Claim Rejections - 35 USC § 103
The following is a quotation of 35 U.S.C. 103 which forms the basis for all obviousness rejections set forth in this Office action:
A patent for a claimed invention may not be obtained, notwithstanding that the claimed invention is not identically disclosed as set forth in section 102, if the differences between the claimed invention and the prior art are such that the claimed invention as a whole would have been obvious before the effective filing date of the claimed invention to a person having ordinary skill in the art to which the claimed invention pertains. Patentability shall not be negated by the manner in which the invention was made.

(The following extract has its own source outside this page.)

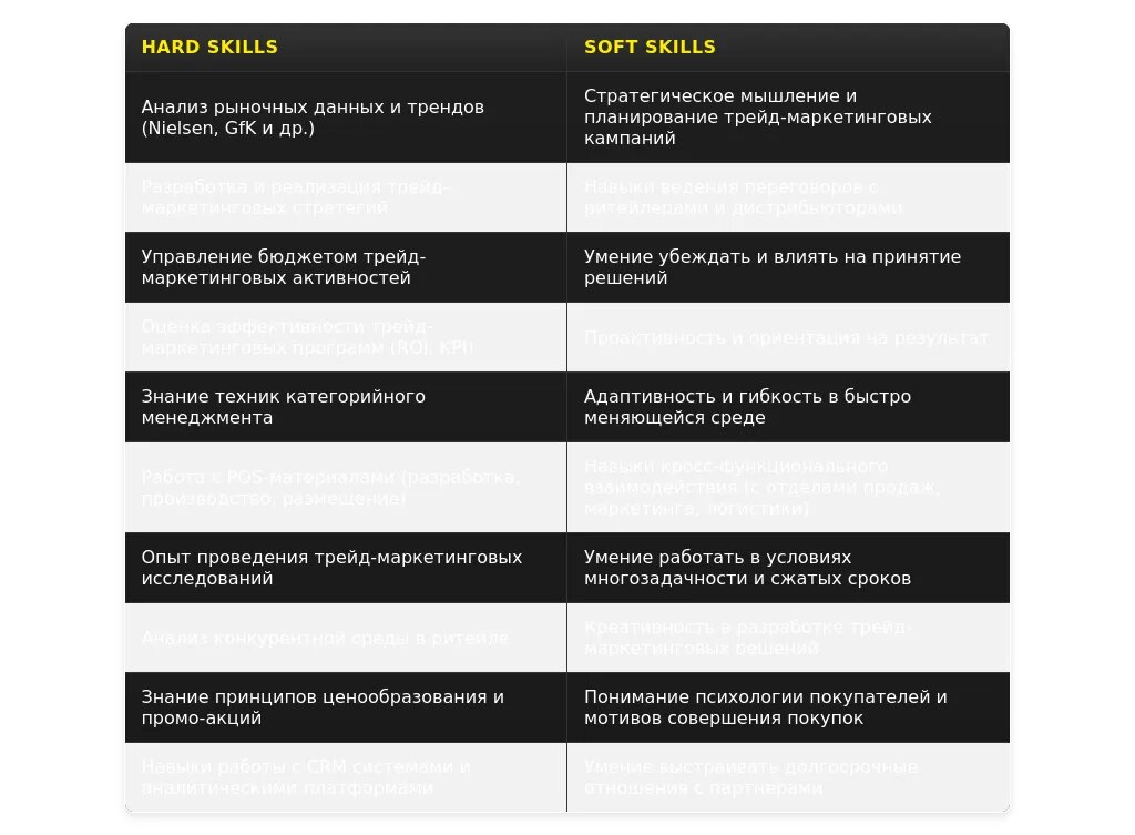 - FMCG: "Работа с сетями ритейла", "Разработка и реализация трейд-маркетинговых активностей", "Анализ эффективности промо-акций", "Бюджетирование".
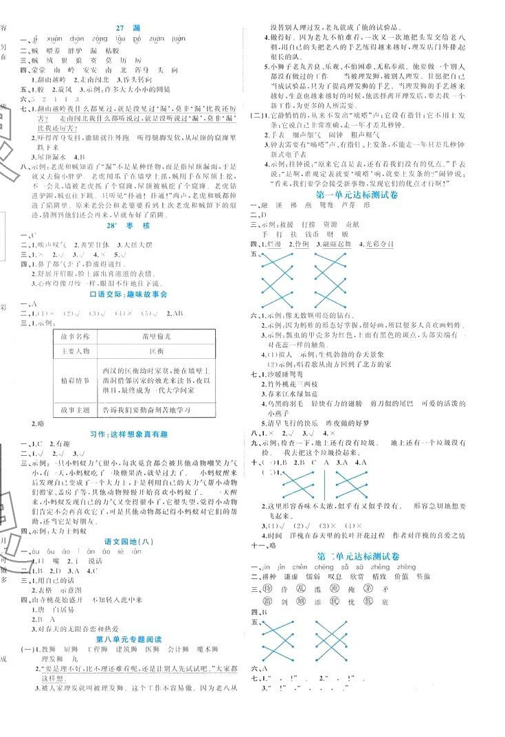 注:目前有些书本章节名称可能整理的还不是很完善,但都是按照顺序排列的,请同学们按照顺序仔细查找。练习册 2024年黄冈新课堂三年级语文下册人教版 答案主要是用来给同学们做完题方便对答案用的,请勿直接抄袭。

Claims 1-2, 4, 8-9, 15-16, and 18-19 are rejected under 35 U.S.C. 103 as being unpatentable over Weis et al. (US 2023/0119154 A1) in view of Gailloux et al. (US Patent 8,055,247 B1).
As to claim 1, Weis teaches a voice-interaction device [self-service terminal 100] comprising: 
a biometric sensor [sensing device 206]; 
an audio output interface [speakers] (par. [0056]); 
an audio input interface [microphone] (par. [0056]); 
at least one processor (par. [0068]); 
at least one non-transitory computer-readable medium (par. [0068]); and 
program instructions stored on the at least one non-transitory computer-readable medium that are executable by the at least one processor (par. [0014]) such that the voice-interaction device is configured to: 
operate in a first mode in which the voice-interaction device monitors for biometric input [operation of the self-service terminal is triggered by user approaching the terminal or touching the user interface] (par. [0105]); 
while operating in the first mode, receive a biometric input via the biometric sensor [step 401] (par. [0104]); 
validate the biometric input and thereby determine that the biometric input is valid [step 403 recognizing the user based on the biometric input] (par. [0106]-[0108], [0113]); 
based on determining that the biometric input is valid, transition from operating in the first mode to operating in a second mode in which the voice-interaction device is configured to facilitate selection by a given user of an available activity via voice-based interaction with the voice-interaction device [selecting a user profile that triggers reconfiguration of the user interface to activate non-visible auditory user interface] (par. [0116], [0135], Fig. 7); and 
while operating in the second mode: 
produce, via the audio output interface, a first spoken output that indicates at least one activity that is available for selection by the given user via voice-based interaction [presenting options 1-3 via sound over the speaker] (par. [0136], Fig. 7).
While Weis teaches having a microphone (par. [0056]), Weis fails to teach that the self-service terminal is configured to receive, via the audio input interface, a spoken input from the given user; based on an analysis of the spoken input, determine that the spoken input indicates a selection of a given activity that is available for selection by the given user; and based on determining that the spoken input indicates selection of the given activity, cause the given activity to be initiated. 
Gailloux is directed to providing requested content to users without requiring the use of a display or a keyboard (abstract). In particular, Gailloux teaches a self-service terminal [mobile device 104] is configured to receive, via the audio input interface [microphone], a spoken input from the given user [voice to select menu options] (col. 2 lines 49-64); based on an analysis of the spoken input, determine that the spoken input indicates a selection of a given activity that is available for selection by the given user [analyzing user request to determine if the requested content (menu selection) is available, where the menu selection could be a request to playback “my calendar for today”] (col. 5 lines 30-35, 49-57); and based on determining that the spoken input indicates selection of the given activity, cause the given activity to be initiated [rendering the requested content (menu selection)] (col. 5 lines 42-45). 
It would have been obvious to one of ordinary skill in the art before the effective filing date of the claimed invention to modify the method and system of Weis by having the self-service terminal configured to receive, via the audio input interface, a spoken input from the given user; based on an analysis of the spoken input, determine that the spoken input indicates a selection of a given activity that is available for selection by the given user; and based on determining that the spoken input indicates selection of the given activity, cause the given activity to be initiated, in order to allow the user of Weis to select one of the options 1-3 without using a visual display or a keyboard (col. 1 lines 39-49 in Gailloux).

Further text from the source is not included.